Wednesday, April 3, 2013

After Syria


The past two years the news out of Syria have been so dismal that I have not been able to face it, even in the minimal sense of writing about it. One reason: There can be no quibble about what the great powers have decided to do - they are wisely staying out of the fray. All of them. Their motives may differ considerably. But in such a situation there is nothing much anybody can do from the outside. This is another reason why there is not much to say - it only proves the old, tough lesson that a people must gain its freedom - and preserve it - on its own. 

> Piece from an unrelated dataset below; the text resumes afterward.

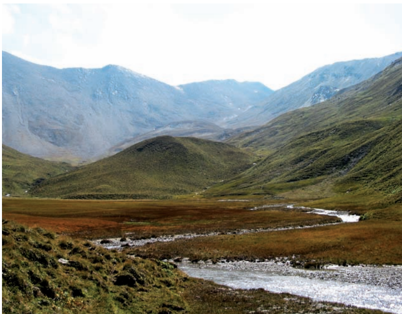
Abb. 2: Moor am Vesilbach. Oben rechts der Gipfelbereich des Piz Val Gronda / Paznaun / Tirol. (Foto: Karl Krainer).

Weniger zimperlich geht es im Worst-Case-Szenario "Rotlicht" aus derselben Veröffentlichung zu: "Aufgrund der Wetter-Extreme bricht der Tourismus drastisch ein. Allein der Billig-Tourismus bietet noch eine Existenzgrundlage. Was als Marktsegment übrig bleibt, sind Ballermann-Gäste, Koma-Trinker ("All-Inclusive"). Aber: jede Krise ist auch eine Chance. Zwei arbeitslose Kellner kamen auf die Idee, die Klima-Katastrophen aktiv zu vermarkten: etwa Felsstürze aus der Nähe zu verfolgen (Crash Watching)..."

Libya may have proven the opposite, acording to some. That is to say, that the West saved Libya from the Gaddafi clan. The Nato intervention was fairly clearcut, to me an action as legitimate and well-founded as anybody might wish. Beyond that, I believe Libya was sufficiently chaotic to prove nothing about such matters. There were interventions from a number of different parties, actors, or sides, whatever you prefer to call them. Some were invited. Others not. There was strong action from inside. Nevertheless, the main thing in Libya was - and is - that there was no real inner core, no cohesive group big and strong enough to gather a force transcending the clans and tribes, which is why the instability continues. Is it much different elsewhere in the Middle East?

The collapse of the Arab spring should not be over-interpreted. Granted, Tunisia has advanced farther along the way, yet has its own troubles. Egypt even more so. There can be little doubt that attitudes inculcated by Islam is the main source. As long as no strong voice is courageous enough to take whatever there is of humanity in Islam and merge it with some sense of moderation, the Middle East mess will continue, and be even worse than it was before Tunisia took to the streets and Mubarak fell. One strong, courageous voice can do much. We have not heard that voice yet.

So where is the glimmer of hope in all this?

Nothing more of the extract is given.